Could you set down every entry exactly as it stands, without the images?

++++ SUPPLIED DATA ++++

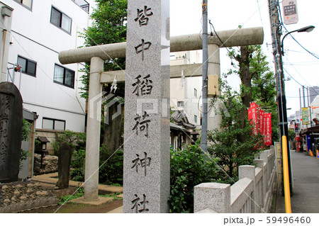皆中稲荷神社 鳥居 & 拝殿 2016年6月 ( 皆中神社 ) 東京都 新宿区 百人町
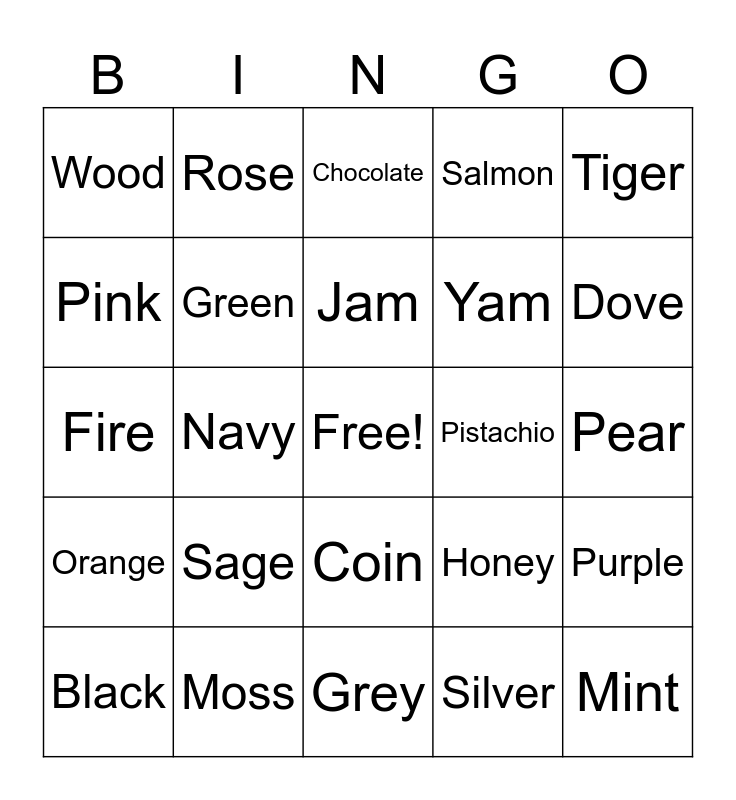 This bingo card has a free space and 29 words: Black, Blue, Navy, Brown, Wood, Chocolate, Green, Sage, Pistachio, Moss, Pear, Mint, Grey, Silver, Dove, Fog, Coin, Orange, Tiger, Fire, Honey, Carrot, Yam, Pink, Salmon, Rose, Purple, Jam and Red.
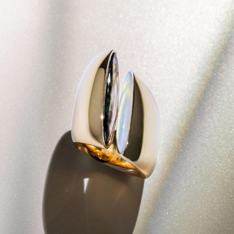 A slanted ring, in pure Vhernier style. Its generous volume is transvered by a clear cut: a singular, sculptural gesture. In the Eclisse Endless the elements are iterated, to create a hypnotic rythm.
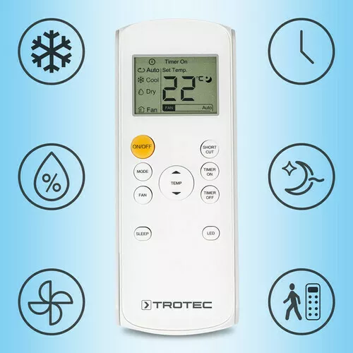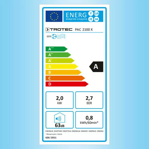 Klimatyzator przenośny PAC 2100 X marki Trotec gwarantuje szybkie chłodzenie nawet w czasach największych upałów. Posiada on trzy funkcje - oprócz funkcji automatycznego chłodzenia, także funkcję osuszania i wentylacji. Moc wynosząca 2 kW oraz klasa wydajności energetycznej A są gwarancją idealnych parametrów w pomieszczeniach mieszkalnych i biurowych o kubaturze do 65 m³.
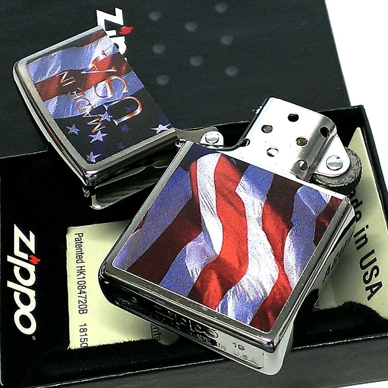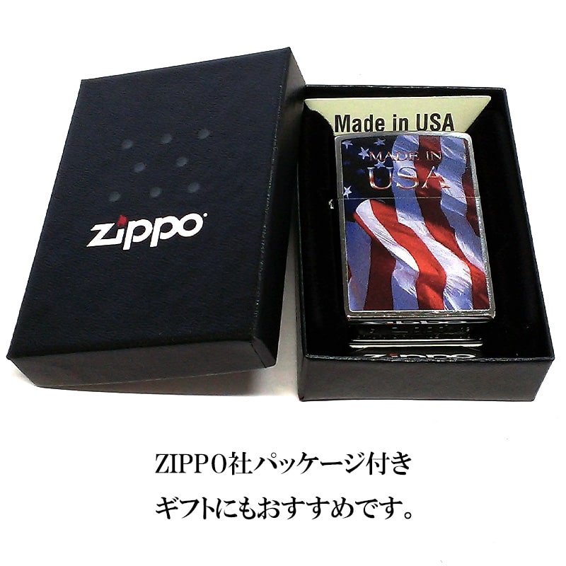 ZIPPO 星条旗 アメリカ シルバーサテン MADE IN USA ライター ジッポ USA 銀 かっこいい US 国旗 おしゃれ メンズ
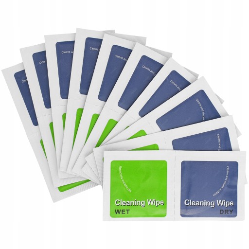 ✅ 10szt. Chusteczek alkoholowych – do wstępnej dezynfekcji i usuwania tłustych plam z zewnętrznych elementów aparatu.
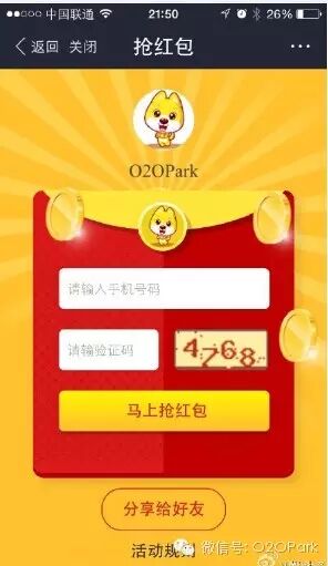 【O2OPark在春节发送10000元二维码卡券的红包,请各位点击微博网址参与,试试你的手气!】
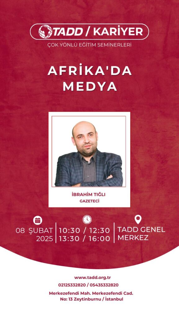 Tüm Afrika’nın Dostları Derneği (TADD) tarafından düzenlenen “Çok Yönlü Eğitim Seminerleri” kapsamında, Gazeteci İbrahim Tığlı 8 Şubat 2025’te “Afrika’da Medya” konulu bir seminer verecek.
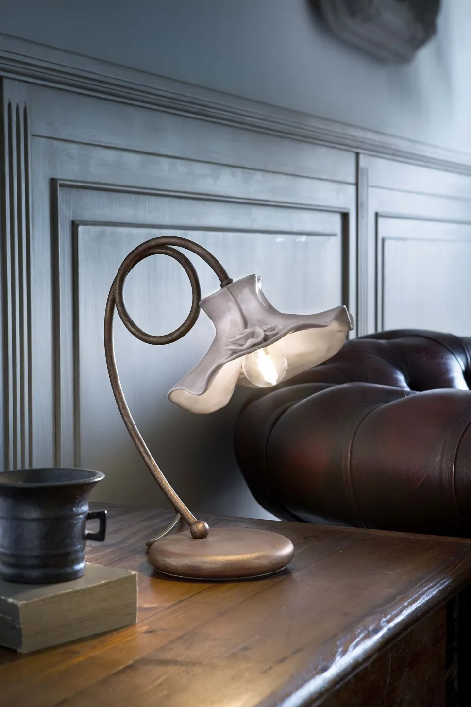 Der romantische Landhausstil wird durch eine dekorative Rosenblüte am Schirm ergänzt, was die Tischleuchte zu einem dekorativen Blickfang macht
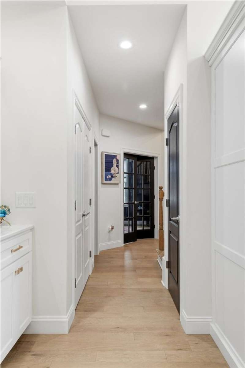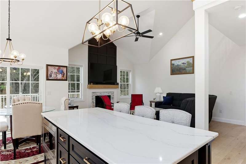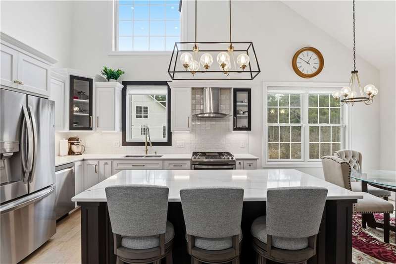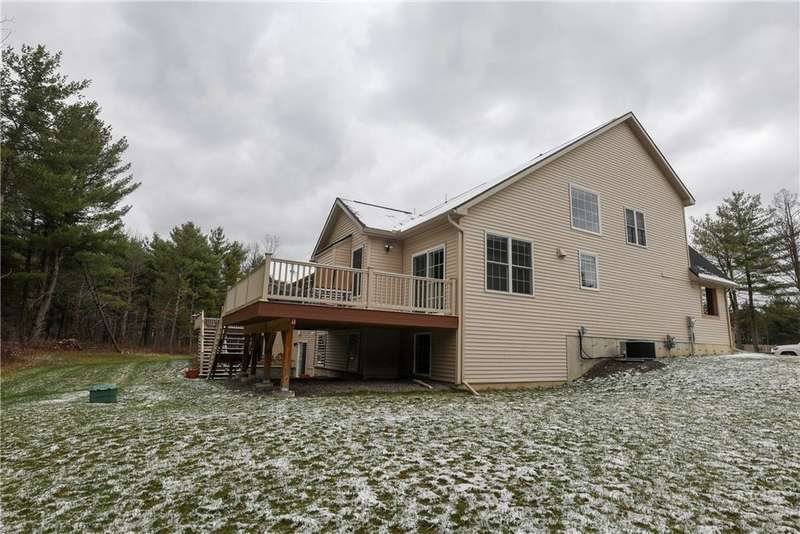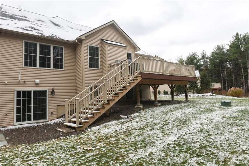 Pristine custom-built townhome loaded with upgrades and modern finishes. Enjoy engineered hardwood floors throughout and an inviting front foyer that opens to soaring cathedral ceilings with recessed lighting. The front room offers excellent versatility?perfect as a dedicated home office or a formal dining room. A thoughtfully curated, modern color palette flows seamlessly throughout. The stunning kitchen features Cambria quartz countertops, stainless steel appliances, bronze fixtures, and a spacious eat-up island. A bright breakfast nook with sliding glass doors leads to an oversized, private back deck?ideal for outdoor dining or relaxing. The open-concept layout continues into the living room, highlighted by an upgraded gas fireplace with a custom pure-wood mantle. The main-level primary suite includes a walk-in closet and a beautiful en-suite bathroom with a tiled shower and double-sink vanity. The upper level offers two generously sized bedrooms both with views of the neighborhood pond, a full bathroom, and a large family room that can serve as a playroom, computer room, recreation area, or additional living space?endless possibilities. A full, walkout basement awaits your finishing touches and opens directly to the private backyard. The attached two-car garage enters through a well-designed mudroom/laundry room for everyday convenience. Located just minutes from Cornell University, the Ithaca Mall, and downtown Ithaca, this exceptional townhome combines comfort, style, and convenience in one perfect package.HOA is monthly and covers road maintenance, road and driveway plowing, sidewalk shoveling, landscaping, pond and fountain upkeep, lawn maintenance & gutter cleaning as well as WIFI.
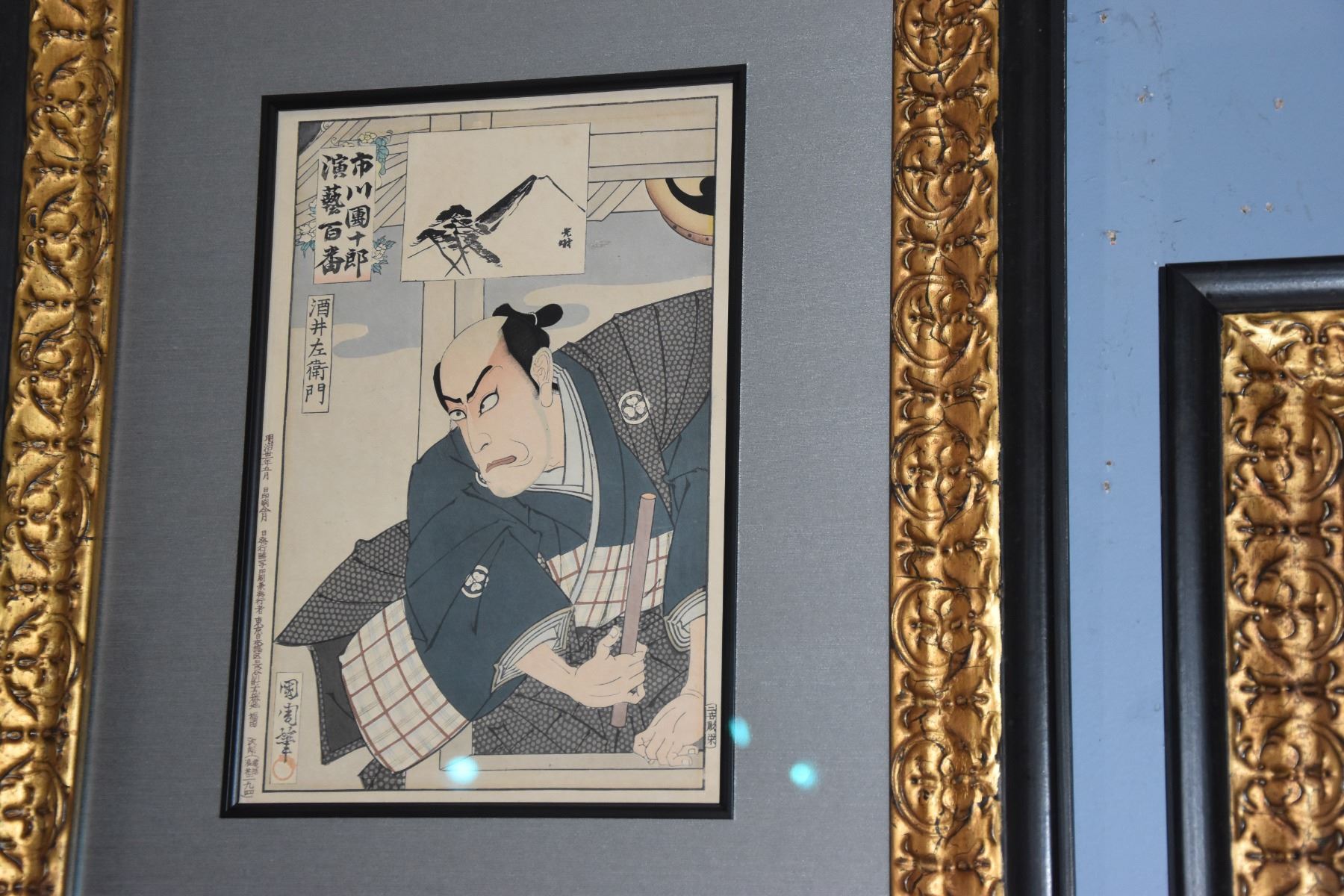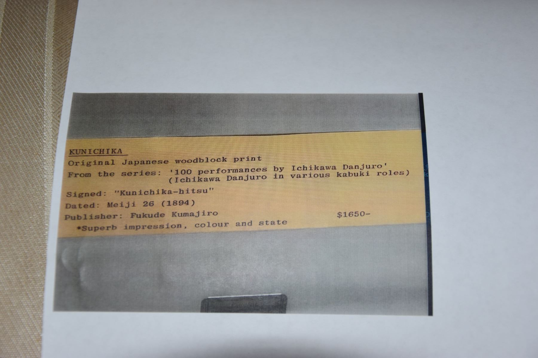 FRAMED KUNICHIKA ORIGINAL JAPANESE WOODBLOCK PRINT; SIGNED "KUNICHIKO-HITSU", DATED: MEIJI 26 (1894) (31 1/4" X 25 1/2")
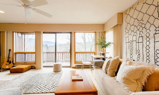 A serene Catskills 2-bedroom condo, 10 minutes to Hunter and Windham mountain ski resorts. Ideal for ski enthusiasts, it has an indoor wood-burning fireplace, ski gear locker, and free coffee & tea to warm up after skiing. Perfect for remote working nomads, enjoy the tranquility while being close to prime ski destinations.
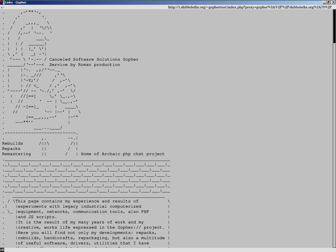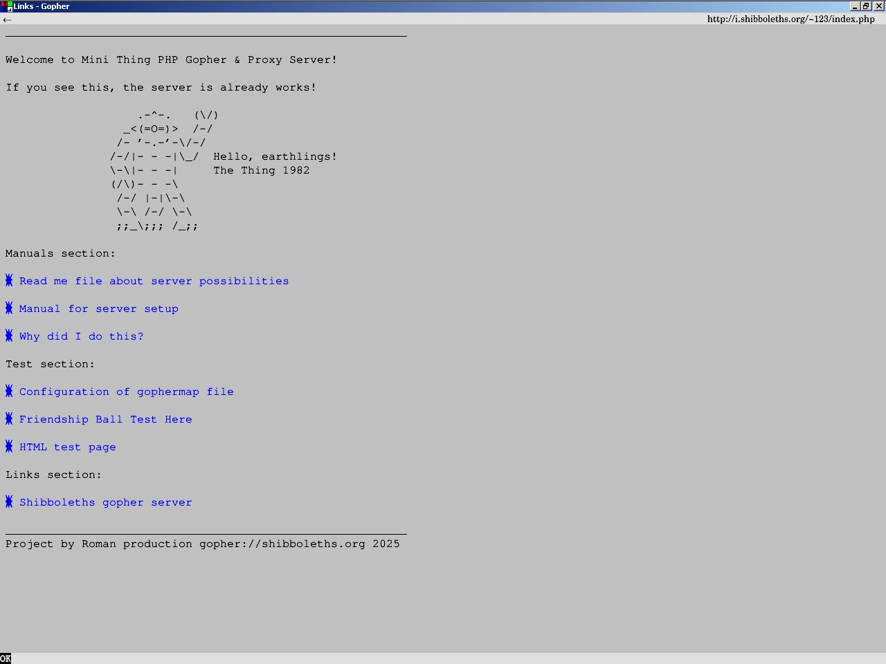 Modern Gopher:// projects contain a lot of unique content, have a lot of scripts and are available from many different platforms. Here is just a small list of Gopher browsers that you can download from my Gopher:// page. For Windows XP - 11 you can use my modern 2024 browser Kmeleon Gopher Browser. For Windows 9x/NT/2000/XP just use other my browsers builds Seamonkey 1.1.19 or Kmeleon 1.5.4 with SSL/TLS 1.3 support! Also you can use for all Windows NT series native Gopher browsers: Gopherus, Little Gopher or WsGopher 1.2, Blue Skies 1.0b for Windows 3x. However, remember that native gopher browsers cannot view HTML documents! Also worth mentioning are Gopher text browsers for DOS/Windows 9x: Lynx for DOS and Lynx for Win32. You can even use Netscape or Internet Explorer to view Gopher up to version 6.0. But the quality of this viewing will be questionable. For PHP8+ you can use my Mini Thing PHP Gopher & Proxy Server for any browser!

++++

[YOUR SOLUTION]
皆中稲荷神社 鳥居 & 拝殿 2016年6月 ( 皆中神社 ) 東京都 新宿区 百人町
 This bingo card has a free space and 29 words: Black, Blue, Navy, Brown, Wood, Chocolate, Green, Sage, Pistachio, Moss, Pear, Mint, Grey, Silver, Dove, Fog, Coin, Orange, Tiger, Fire, Honey, Carrot, Yam, Pink, Salmon, Rose, Purple, Jam and Red.
 A slanted ring, in pure Vhernier style. Its generous volume is transvered by a clear cut: a singular, sculptural gesture. In the Eclisse Endless the elements are iterated, to create a hypnotic rythm.
 Klimatyzator przenośny PAC 2100 X marki Trotec gwarantuje szybkie chłodzenie nawet w czasach największych upałów. Posiada on trzy funkcje - oprócz funkcji automatycznego chłodzenia, także funkcję osuszania i wentylacji. Moc wynosząca 2 kW oraz klasa wydajności energetycznej A są gwarancją idealnych parametrów w pomieszczeniach mieszkalnych i biurowych o kubaturze do 65 m³.
 ZIPPO 星条旗 アメリカ シルバーサテン MADE IN USA ライター ジッポ USA 銀 かっこいい US 国旗 おしゃれ メンズ
 ✅ 10szt. Chusteczek alkoholowych – do wstępnej dezynfekcji i usuwania tłustych plam z zewnętrznych elementów aparatu.
 【O2OPark在春节发送10000元二维码卡券的红包,请各位点击微博网址参与,试试你的手气!】
 Tüm Afrika’nın Dostları Derneği (TADD) tarafından düzenlenen “Çok Yönlü Eğitim Seminerleri” kapsamında, Gazeteci İbrahim Tığlı 8 Şubat 2025’te “Afrika’da Medya” konulu bir seminer verecek.
 Der romantische Landhausstil wird durch eine dekorative Rosenblüte am Schirm ergänzt, was die Tischleuchte zu einem dekorativen Blickfang macht
 Pristine custom-built townhome loaded with upgrades and modern finishes. Enjoy engineered hardwood floors throughout and an inviting front foyer that opens to soaring cathedral ceilings with recessed lighting. The front room offers excellent versatility?perfect as a dedicated home office or a formal dining room. A thoughtfully curated, modern color palette flows seamlessly throughout. The stunning kitchen features Cambria quartz countertops, stainless steel appliances, bronze fixtures, and a spacious eat-up island. A bright breakfast nook with sliding glass doors leads to an oversized, private back deck?ideal for outdoor dining or relaxing. The open-concept layout continues into the living room, highlighted by an upgraded gas fireplace with a custom pure-wood mantle. The main-level primary suite includes a walk-in closet and a beautiful en-suite bathroom with a tiled shower and double-sink vanity. The upper level offers two generously sized bedrooms both with views of the neighborhood pond, a full bathroom, and a large family room that can serve as a playroom, computer room, recreation area, or additional living space?endless possibilities. A full, walkout basement awaits your finishing touches and opens directly to the private backyard. The attached two-car garage enters through a well-designed mudroom/laundry room for everyday convenience. Located just minutes from Cornell University, the Ithaca Mall, and downtown Ithaca, this exceptional townhome combines comfort, style, and convenience in one perfect package.HOA is monthly and covers road maintenance, road and driveway plowing, sidewalk shoveling, landscaping, pond and fountain upkeep, lawn maintenance & gutter cleaning as well as WIFI.
 FRAMED KUNICHIKA ORIGINAL JAPANESE WOODBLOCK PRINT; SIGNED "KUNICHIKO-HITSU", DATED: MEIJI 26 (1894) (31 1/4" X 25 1/2")
 A serene Catskills 2-bedroom condo, 10 minutes to Hunter and Windham mountain ski resorts. Ideal for ski enthusiasts, it has an indoor wood-burning fireplace, ski gear locker, and free coffee & tea to warm up after skiing. Perfect for remote working nomads, enjoy the tranquility while being close to prime ski destinations.
 Modern Gopher:// projects contain a lot of unique content, have a lot of scripts and are available from many different platforms. Here is just a small list of Gopher browsers that you can download from my Gopher:// page. For Windows XP - 11 you can use my modern 2024 browser Kmeleon Gopher Browser. For Windows 9x/NT/2000/XP just use other my browsers builds Seamonkey 1.1.19 or Kmeleon 1.5.4 with SSL/TLS 1.3 support! Also you can use for all Windows NT series native Gopher browsers: Gopherus, Little Gopher or WsGopher 1.2, Blue Skies 1.0b for Windows 3x. However, remember that native gopher browsers cannot view HTML documents! Also worth mentioning are Gopher text browsers for DOS/Windows 9x: Lynx for DOS and Lynx for Win32. You can even use Netscape or Internet Explorer to view Gopher up to version 6.0. But the quality of this viewing will be questionable. For PHP8+ you can use my Mini Thing PHP Gopher & Proxy Server for any browser!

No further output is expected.